それを聞いて逆に別にメイヴィスの屋敷に居候する必要はないだろうと俺は思ったが。どこかにちゃんと自分で家を買うなり建てるなりして、拠点を作っても良いとは考えるようになったのだ。
(気がつけば、いつのまにか帝都に住む事を考え始めている。うまくメイヴィスに思考誘導されている気もするが。メイヴィスは色々な案を提示しているだけ。それを聞いて俺がどうするかは自由にすればよいと言っていた。)
まぁ別に、帝都の中に住まなくとも、転移で森の中から通っても構わないのだが……ノアに言われて気がついた。帝都でいつまで活動するかは分からないが、居る間は、連絡がつく手段として、ポスト代わりに手紙を届ける場所を定めておいたほうがいいかもしれない。仮に転移で出入りするにも、町中にいきなり出現するのも問題がありそうなので、どこか出入りできる家または部屋があったほうがいいだろう。

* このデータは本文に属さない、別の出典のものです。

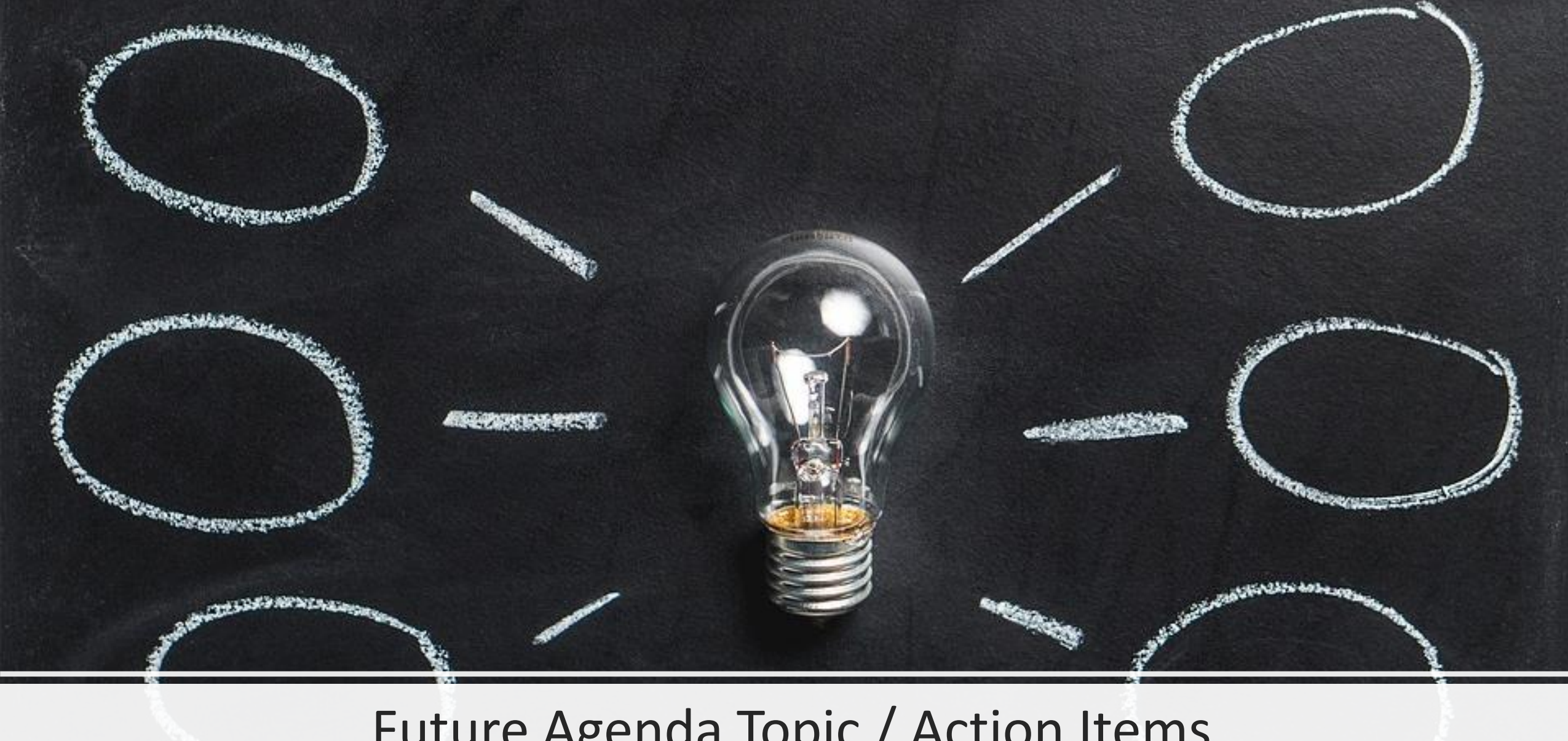
Future Agenda Topic / Action Items

今度、場所を探してみるか。屋敷を出ると言ったらメイヴィスは嫌がるかな? いや、メイヴィスの事だ、俺がそう言い出す可能性まで見越しているだろうな。
+ + + +
◆冒険者ギルド
ノア「あ、マスター、おかえりなさーい」
スティング「すまん、遅くなった。会議が長引いてしまってな」
カイトが冒険者ギルドを後にしてしばらくしてから、帝都城東支部のギルドマスター、スティングが戻ってきた。
モルメル「お帰りなさいマスター!」
スティング「紋章確認用の魔道具、修理できてるぞ」
魔道具を受け取りしめしめという顔をするモルメル。まだカイトの紹介状はみつかっていないが、この道具がなければ紋章の確認はできない。適当なところに隠してしまおう。
だがノアが余計な事を言いだした。
ノア「あ、主任! 私がしまってきますよー」
モルメル「え?! あ、いいわ、私が後で片付けておくから」
ノア「えー、でもー、所定の位置に戻しておかないとー、他に使いたい人が居た時に困るじゃないですかー」
モルメル「いいのよ、コレの管理は私がするから! 使いたい人が居たら私に言――」
スティング「それで? 変わりは何もないか?」
モルメルとノアの小声のやり取りなど聞こえていないスティングが被せてくる。
モルメル「え? ああ、いえ、特には何も~」
ノア「色々あったんですよー」
モルメル「ちょっ何言ってるのよ!」
ノア「だってー冒険者が三人も死んでるんですよー? それ聞いて私ビックリしちゃいましたー。まぁ猫ちゃんに絡んでた不良冒険者達だから、自業自得ってみんな言ってましたけどー」
スティング「…死んだ? 何があったんだ?! モルメル?!」
ノア「冒険者同士の【決闘】があったんですー」
モルメル「ちょ! 報告は私がするから、あなたはあっちに行ってなさい!」
仕方なくモルメルは魔道具をノアに押し付け追い払った。